Wireless communication systems are widely used to provide various types of communications. For example, voice and/or data are provided by the wireless communication systems. A conventional wireless communication system provides multiple users with one or more shared resources. For example, the wireless communication system can use various multiple access schemes such as code division multiple access (CDMA), time division multiple access (TDMA), and frequency division multiple access (FDMA).
An orthogonal frequency division multiplexing (OFDM) scheme uses a plurality of orthogonal subcarriers. Further, the OFDM scheme uses an orthogonality between inverse fast Fourier transform (IFFT) and fast Fourier transform (FFT). A transmitter transmits data by performing IFFT. A receiver restores original data by performing FFT on a received signal. The transmitter uses IFFT to combine the plurality of sub-carriers, and the receiver uses FFT to split the plurality of subcarriers. According to the OFDM scheme, complexity of the receiver can be reduced in a frequency selective fading environment of a broadband channel, and spectral efficiency can be improved through selective scheduling in a frequency domain by utilizing channel characteristics which are different from one subcarrier to another. An orthogonal frequency division multiple access (OFDMA) scheme is an OFDM-based multiple access scheme. According to the OFDMA scheme, a radio resource can be more efficiently used by allocating different subcarriers to multiple users.
Recently, to maximize performance and communication capability of a wireless communication system, a multiple input multiple output (MIMO) system has drawn attention. Being evolved from the conventional technique in which a single transmit (Tx) antenna and a single receive (Rx) antenna are used, a MIMO technique uses multiple Tx antennas and multiple Rx antennas to improve transfer efficiency of data to be transmitted or received. The MIMO system is also referred to as a multiple antenna system. In the MIMO technique, instead of receiving one whole message through a single antenna path, data segments are received through a plurality of antennas and are then collected as one piece of data. As a result, a data transfer rate can be improved in a specific range, or a system range can be increased with respect to a specific data transfer rate.

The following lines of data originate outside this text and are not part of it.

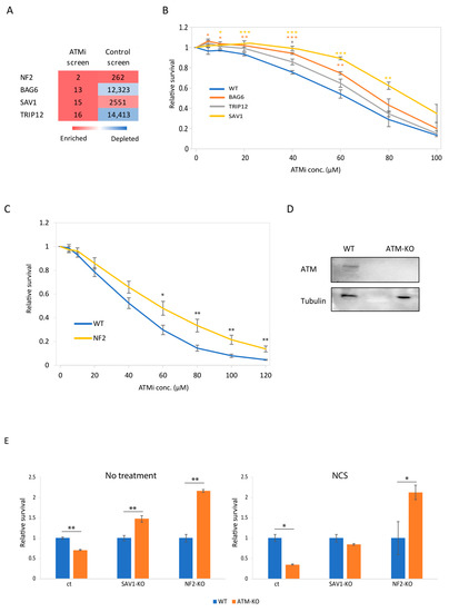 3.3. Genetic Validation of BAG6, SAV1 and NF2 as Synthetic Viable in ATM Deficiency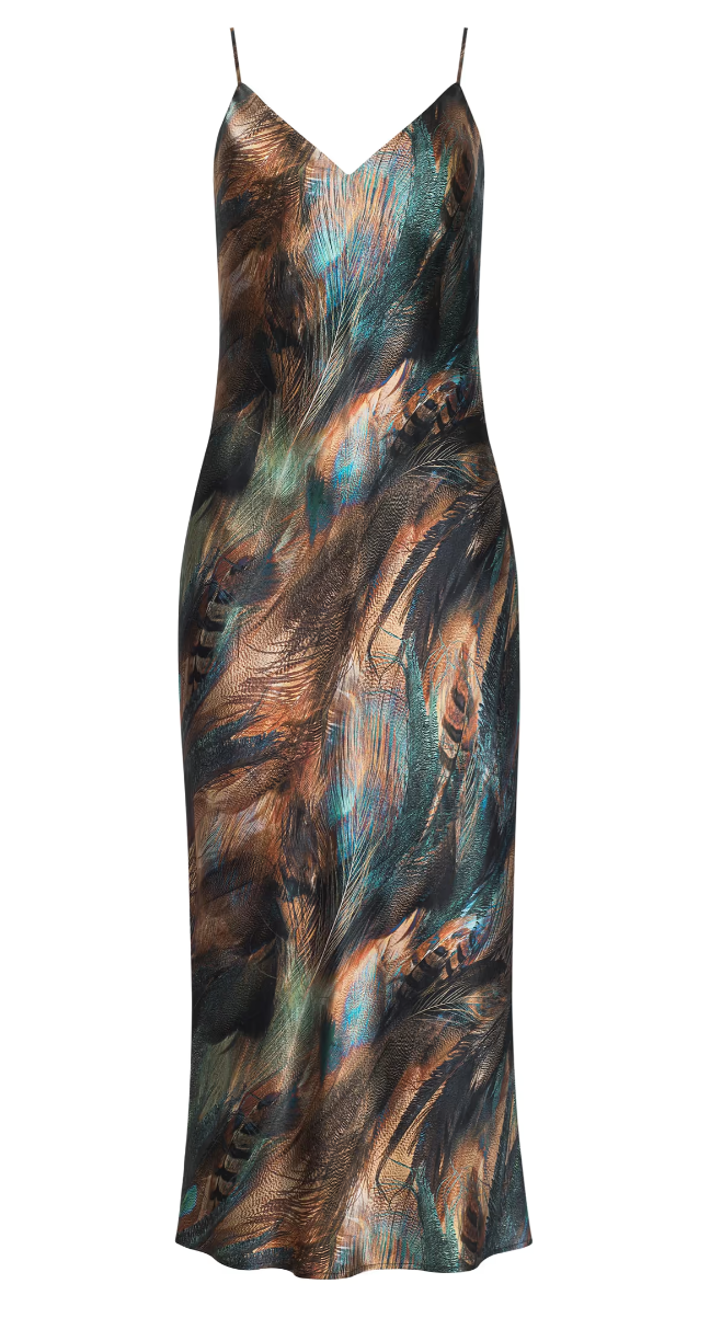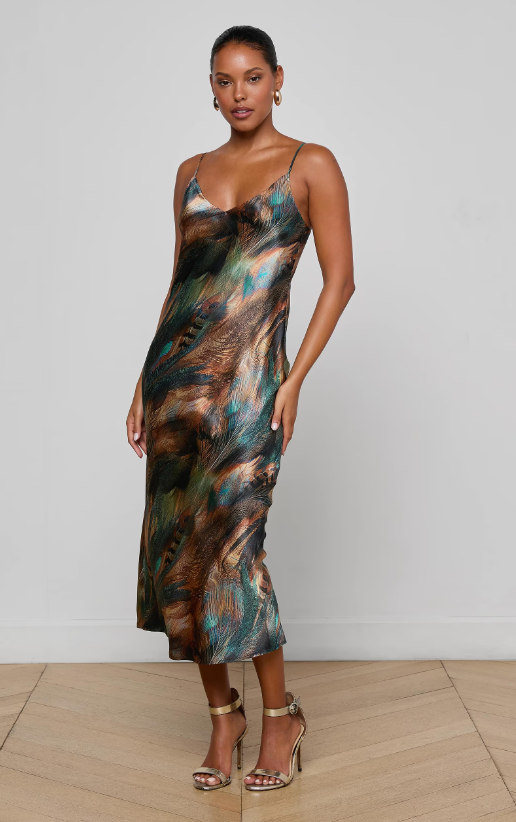 L'agence Seridie Silk Slip Dress in TEAL MULTI MIX FEATHER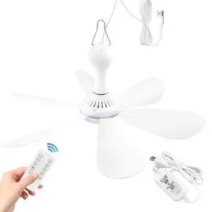 USB Powered Small Ceiling Fan 6 Blades Quiet DC 5V USB Hanging Fans for Indoor Outdoor RV Bed Room Dorm Desk Travel Camping Tent Cubicle Mini Portable Canopy Fans (White Remote Control)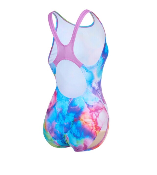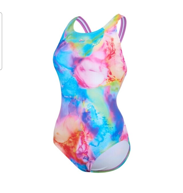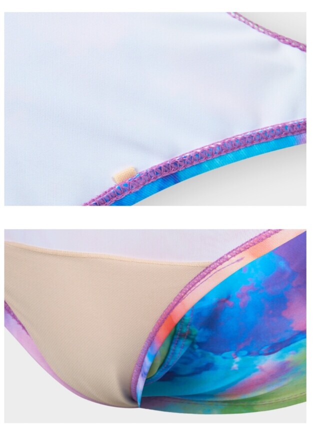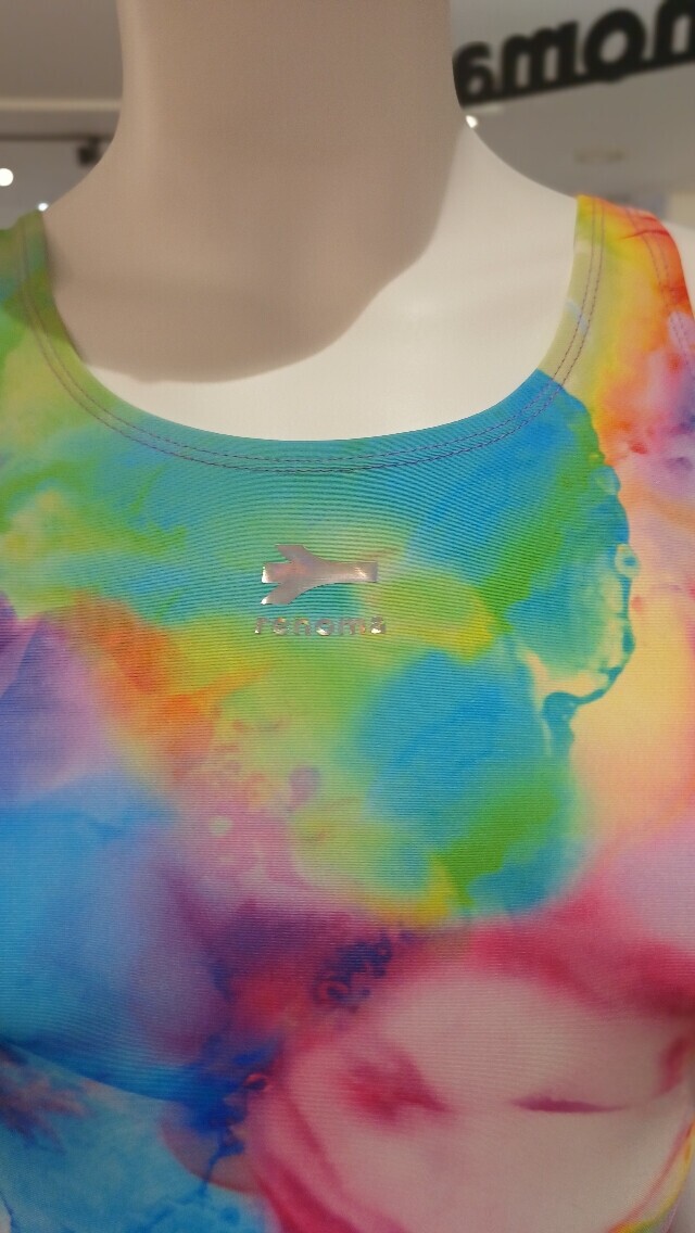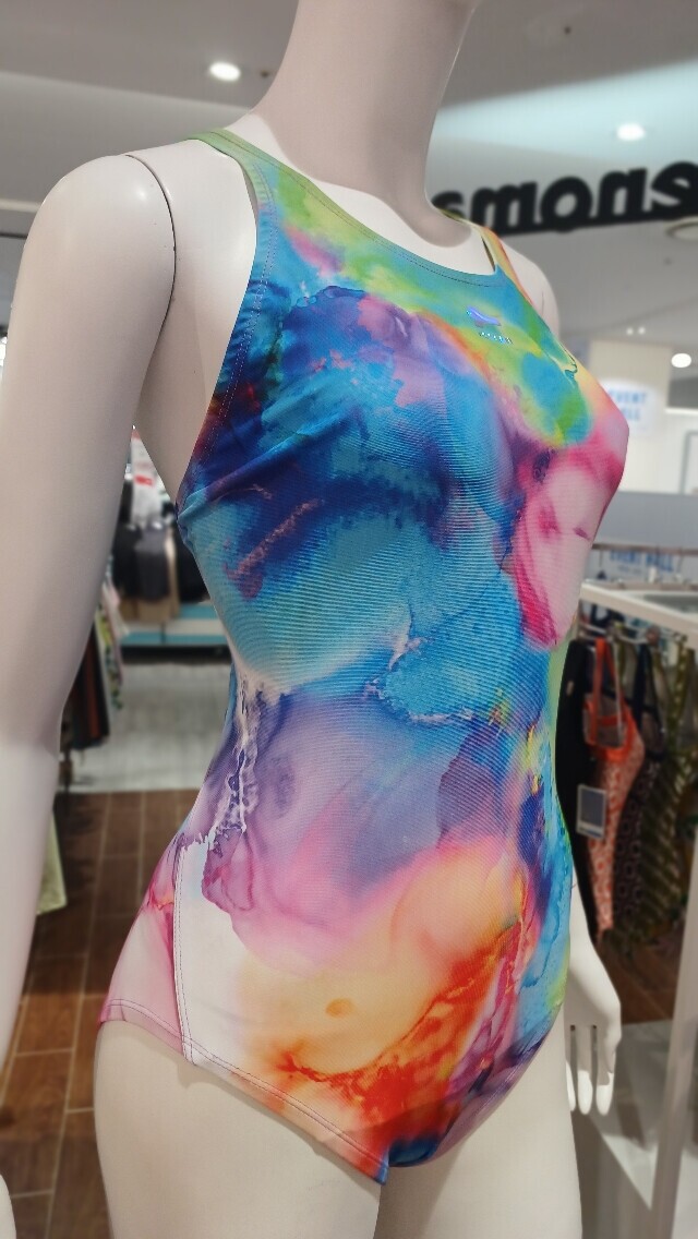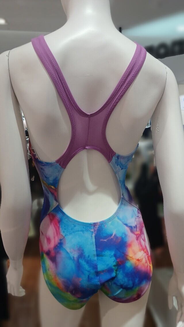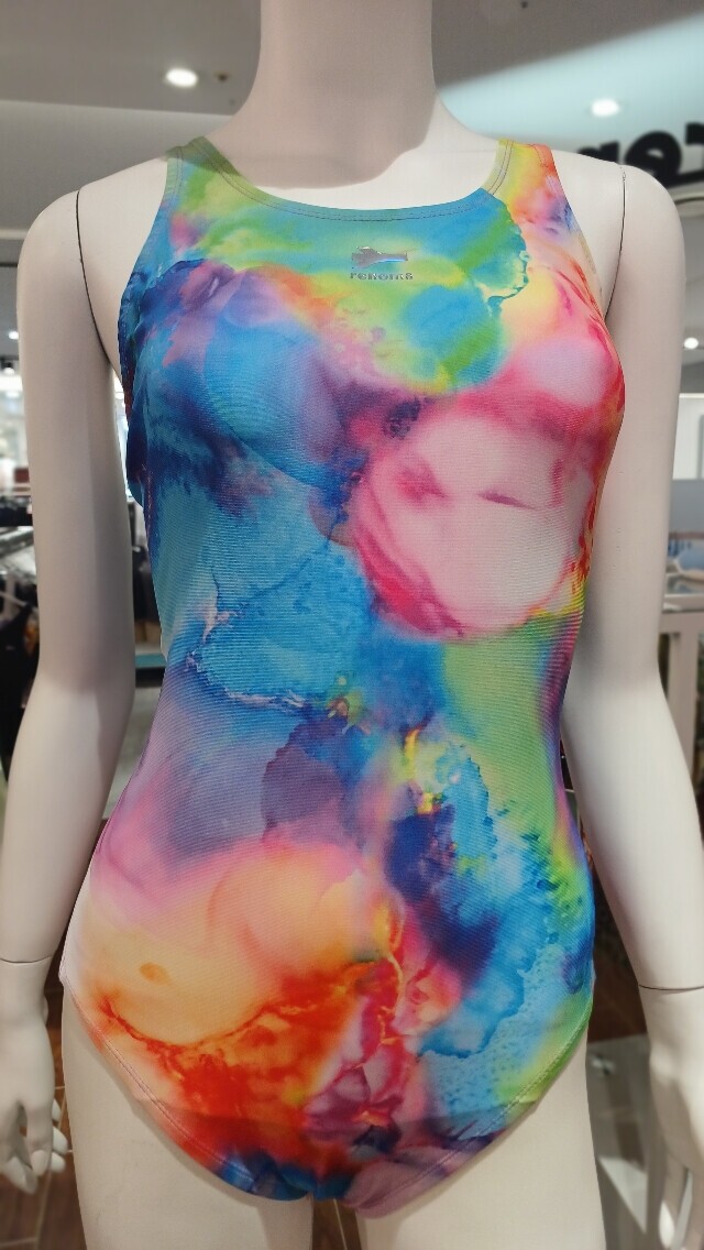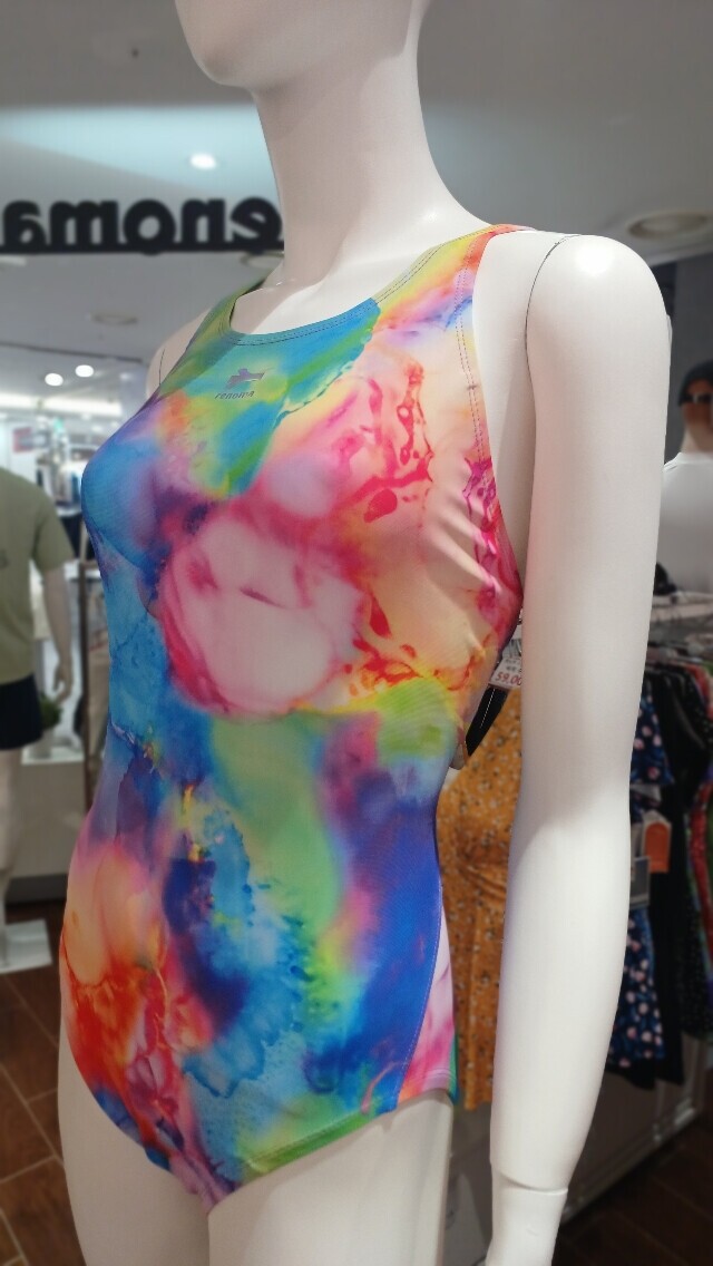 물나염 프린팅이 더욱 화사해 보이며 체형커버에 도움이 되는 미들컷 X백 수영복 입니다.

The MIMO technique includes transmit diversity, spatial multiplexing, and beamforming. The transmit diversity is a technique in which the multiple Tx antennas transmit the same data so that transmission reliability increases. The spatial multiplexing is classified into single-user spatial multiplexing and multi-user spatial multiplexing. The single-user spatial multiplexing is also referred to as a single user MIMO (SU-MIMO). The multi-user spatial multiplexing is also referred to as a spatial division multiple access (SDMA) or a multi user MIMO (MU-MIMO). A capacity of a MIMO channel increases in proportion to the number of antennas. The MIMO channel can be decomposed into independent channels. If the number of Tx antennas is Nt and the number of Rx antennas is Nr, then the number of independent channels is Ni where Ni≦min{Nt, Mr}. Each independent channel can be referred to as a spatial layer. A rank represents the number of non-zero eigen-values of the MIMO channel and can be defined as the number of spatial streams that can be multiplexed. The spatial multiplexing is a technique in which the multiple Tx antennas simultaneously transmit different data so that the data can be transmitted at a high speed without increasing a system bandwidth.
The beamforming is used to add a weight factor to multiple antennas according to a channel condition so as to increase a signal to interference plus noise ratio (SINR) of a signal. The weight factor can be expressed by a weight vector. Two or more weight vectors can be expressed by a weight matrix. The weight vector is referred to as a precoding vector. The weight matrix is referred to as a precoding matrix. Channel dependent precoding is a precoding method using a weight factor depending on the channel condition. The channel dependent precoding uses a weight factor suitable for the channel condition in order to maximize capacity of a transport channel. Channel information for the channel dependent precoding can be obtained using a sounding channel, a codebook, channel quantization, etc. A system using codebook-based precoding among a variety of precoding methods creates a codebook set that can reflect the channel condition, and selects a codebook that maximizes a reception capacity of the transport channel. In general, the reception capacity of the transport channel can increase in proportion to the number of codebooks of the codebook set.
When the OFDM system applies the channel dependent precoding, optimal performance can be obtained using a weight factor for each subcarrier. However, the use of the weight factor for each subcarrier may result in a significantly large overhead caused by signaling. The overhead caused by control signaling when the weight factor for each subband is used by dividing a whole frequency band into a subband which is a group of consecutive subcarriers. A user equipment (UE) reports to a base station (BS) a preferred codebook and a channel condition for each subband, and the BS performs scheduling by considering the reported information. In general, the BS improves system performance by assigning a subband having a good channel condition to the UE. That is, the subband having a good channel condition has a higher possibility of being assigned than a subband having a poor channel condition. An unnecessary overhead may occur when the UE transmits a channel condition and a codebook not only for the subband having a high possibility of being assigned but also for all subbands having a low possibility of being assigned.
Accordingly, there is a need for a method capable of reducing a transfer amount of control information while ensuring scheduling efficiency in a multiple antenna system.